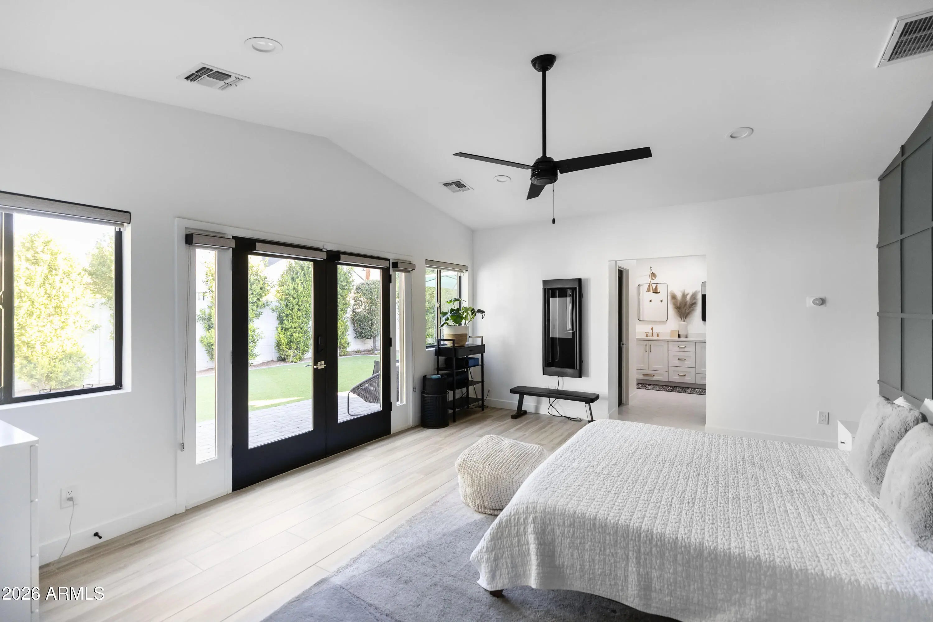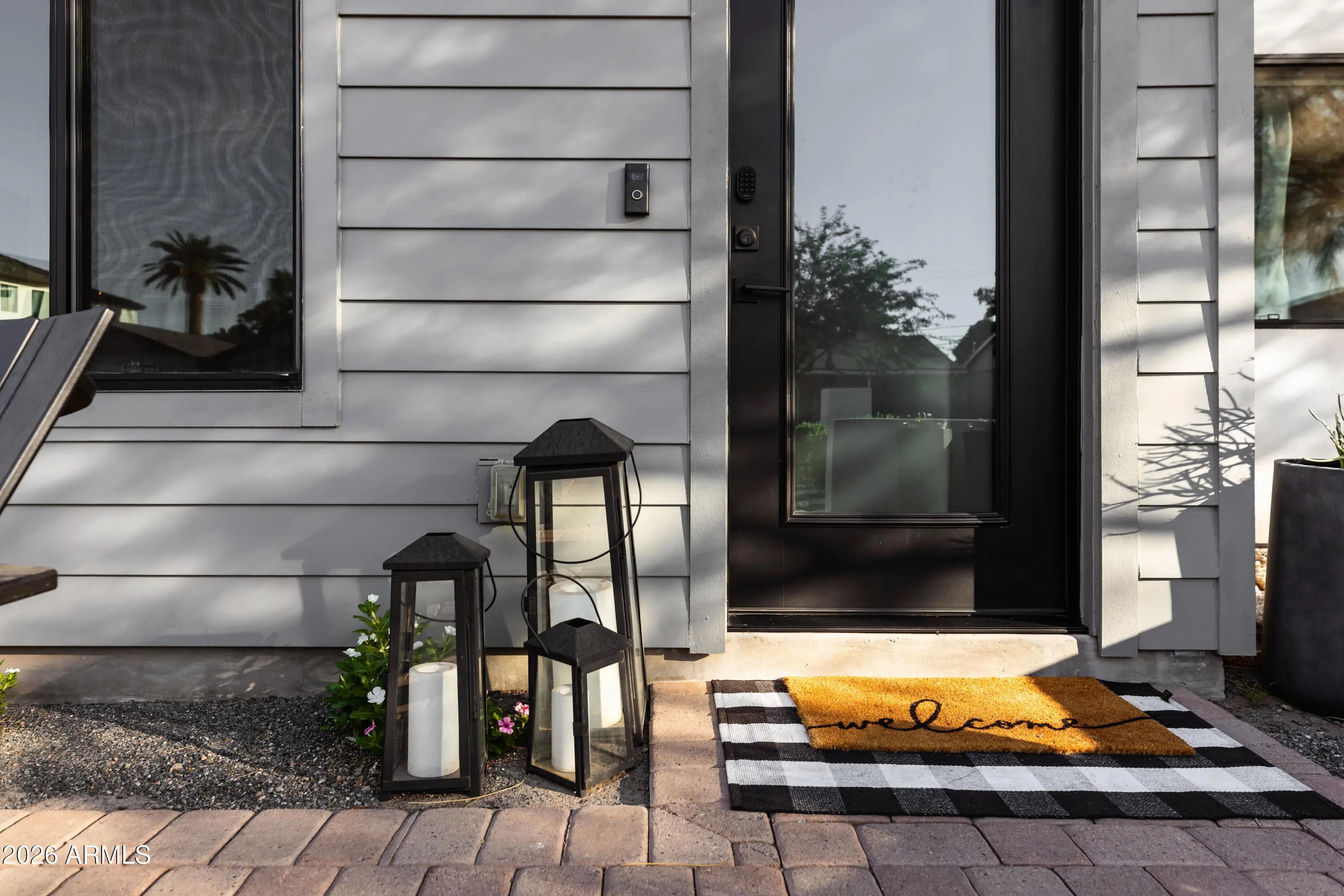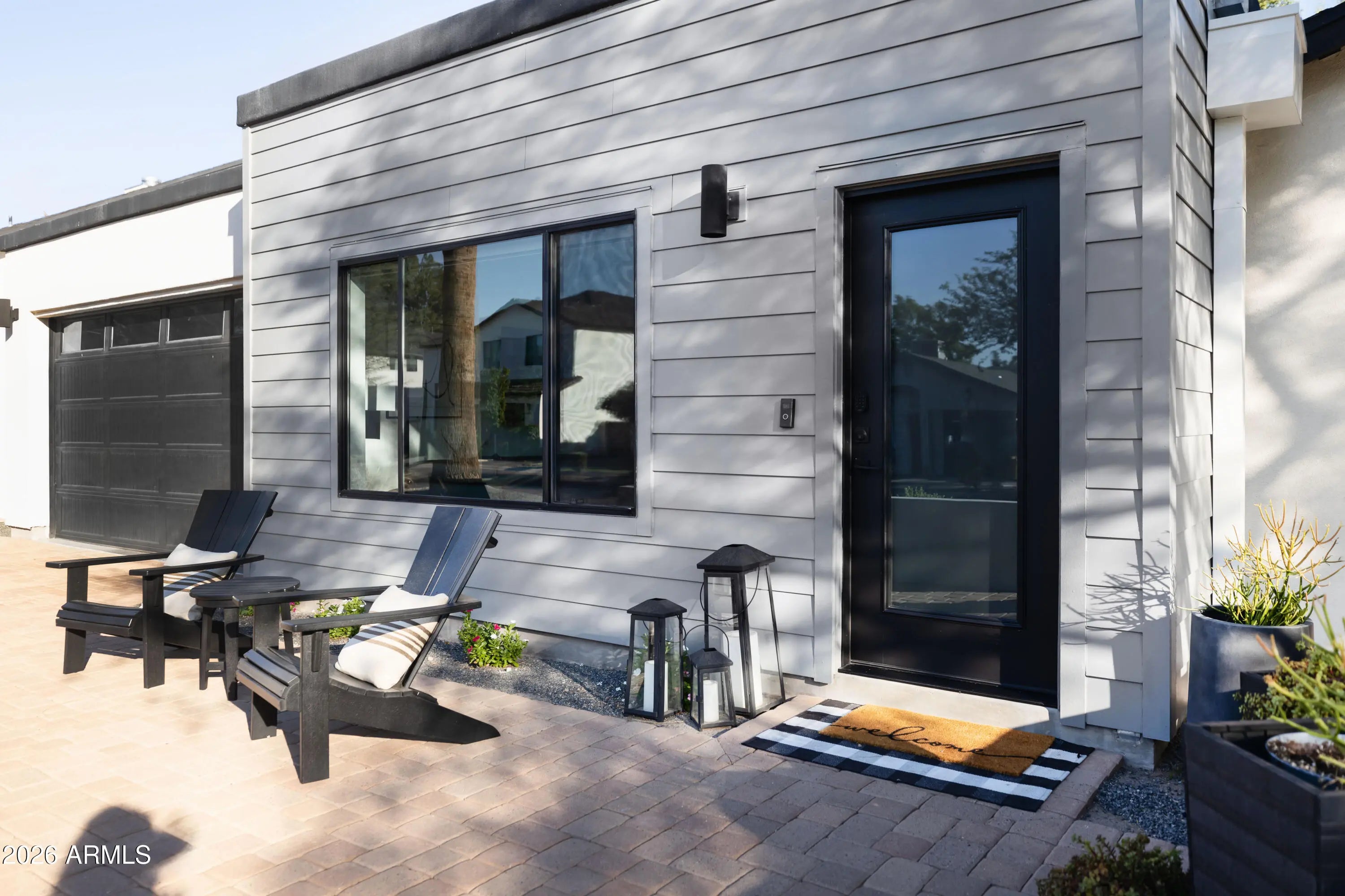 Welcome to this stunning modern home nestled on a highly sought-after street in the desirable Arcadia Lite neighborhood, within the charming Kachina Gardens community. This beautifully remodeled residence, updated in 2018 with impeccable finishes, offers a thoughtfully designed floor plan perfect for both entertaining and everyday living. Enjoy two expansive primary suites along with three generously sized guest rooms. The open-concept kitchen, living, and dining areas create a seamless, airy flow throughout. Step outside to a welcoming front courtyard with low-maintenance turf and lush ficus trees providing added privacy. A spacious covered patio invites year-round outdoor enjoyment. The extended-length garage features epoxy flooring and extra storage. Act now!
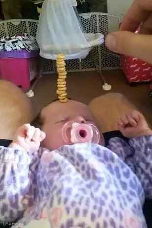 挑战内容说来简单,就是趁萌宝熟睡后把他们的睡颜征用来当爸爸们甜麦圈塔的底座,没想到还真有人玩出了花儿……
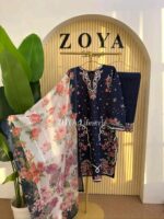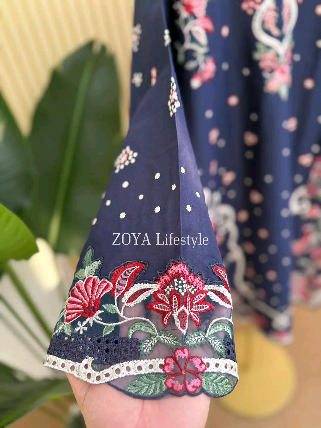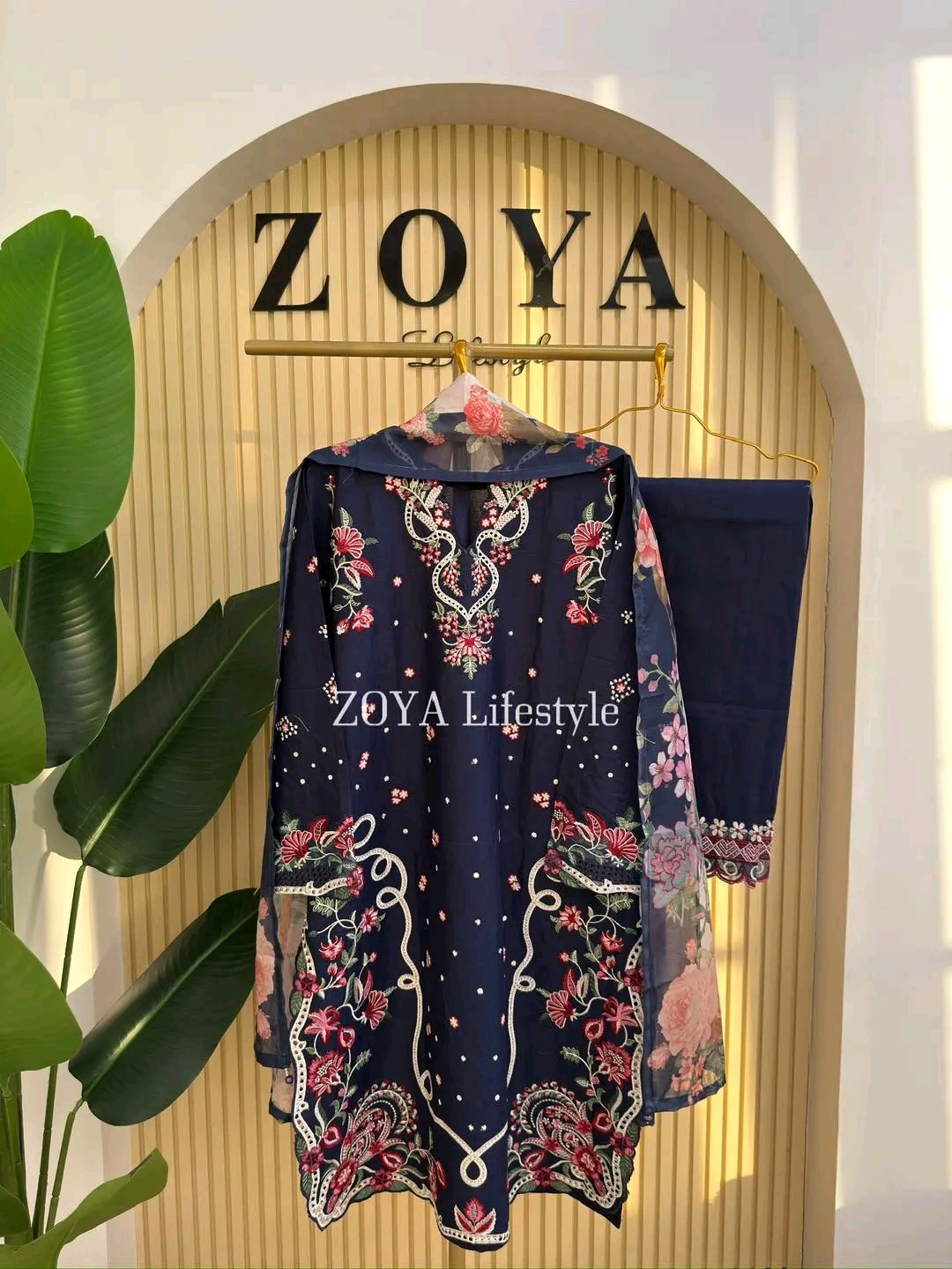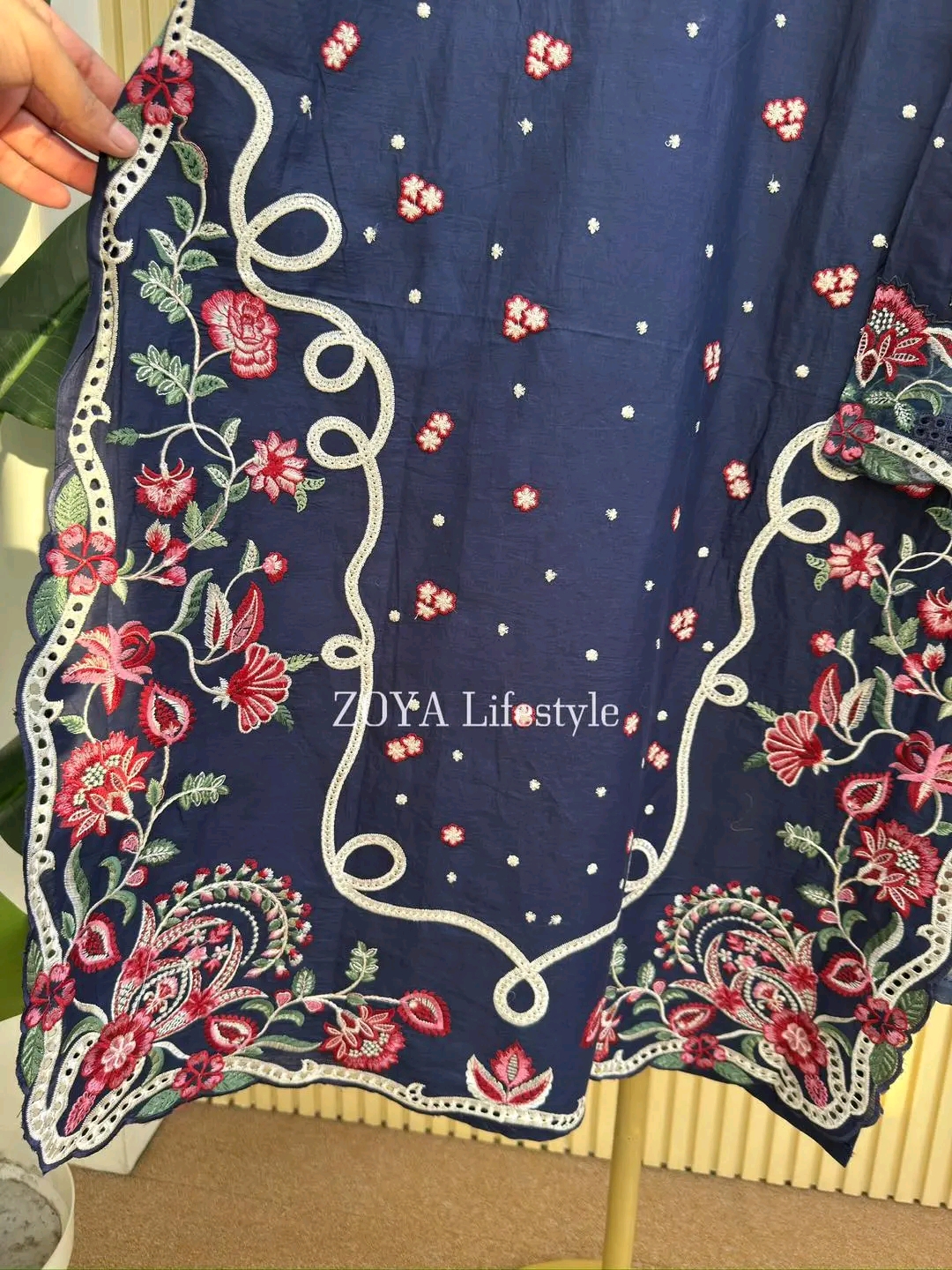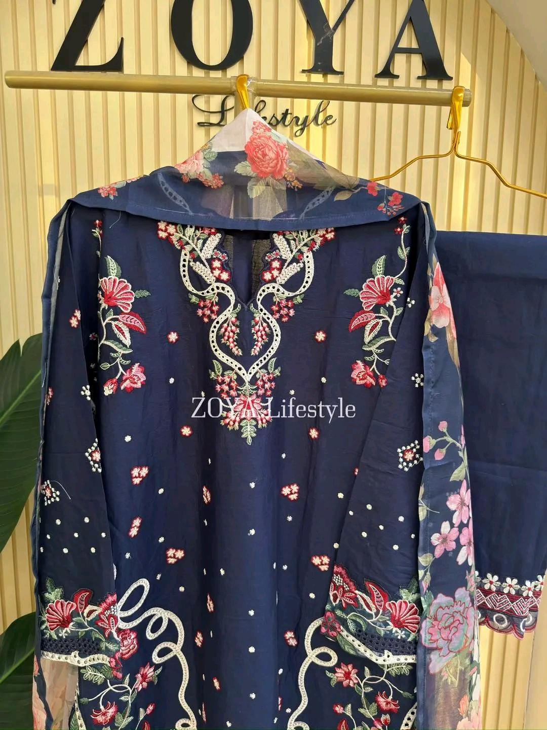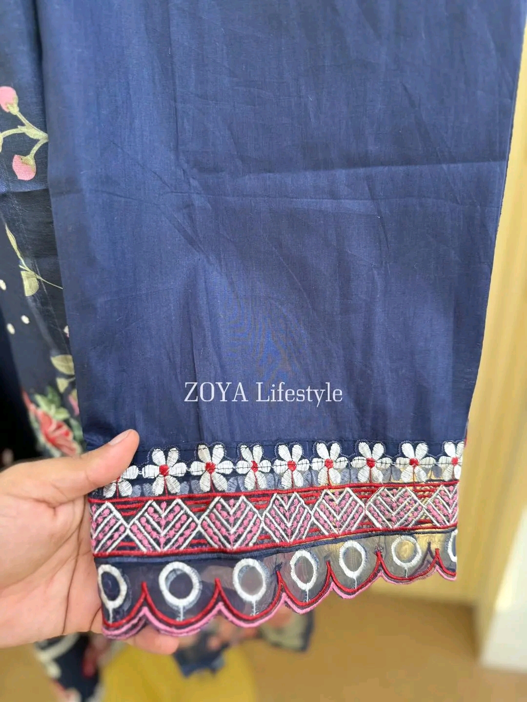 Material: cotton with embroidery work on full body. Cotton pant with embroidery. Silk printed dupatta.
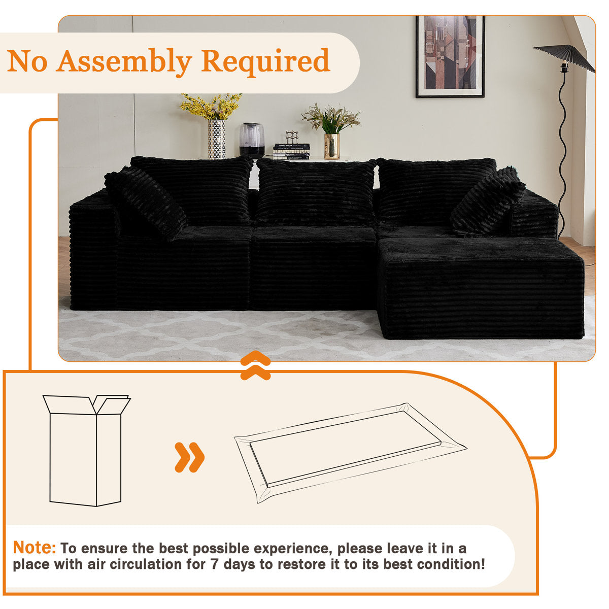 108" Cloud Modular Sectional Couch With L-shape Chaise, No Assembly Required Modern Comfy Sofa With Deep Seat & Plush Fabric, Upholstered Couches For Living Room, Bedroom

++++++++++

Work order:
The whole listing should be restated word for word, with no pictures.

Answer to the exercise:
 Welcome to this stunning modern home nestled on a highly sought-after street in the desirable Arcadia Lite neighborhood, within the charming Kachina Gardens community. This beautifully remodeled residence, updated in 2018 with impeccable finishes, offers a thoughtfully designed floor plan perfect for both entertaining and everyday living. Enjoy two expansive primary suites along with three generously sized guest rooms. The open-concept kitchen, living, and dining areas create a seamless, airy flow throughout. Step outside to a welcoming front courtyard with low-maintenance turf and lush ficus trees providing added privacy. A spacious covered patio invites year-round outdoor enjoyment. The extended-length garage features epoxy flooring and extra storage. Act now!
 挑战内容说来简单,就是趁萌宝熟睡后把他们的睡颜征用来当爸爸们甜麦圈塔的底座,没想到还真有人玩出了花儿……
 Material: cotton with embroidery work on full body. Cotton pant with embroidery. Silk printed dupatta.
 108" Cloud Modular Sectional Couch With L-shape Chaise, No Assembly Required Modern Comfy Sofa With Deep Seat & Plush Fabric, Upholstered Couches For Living Room, Bedroom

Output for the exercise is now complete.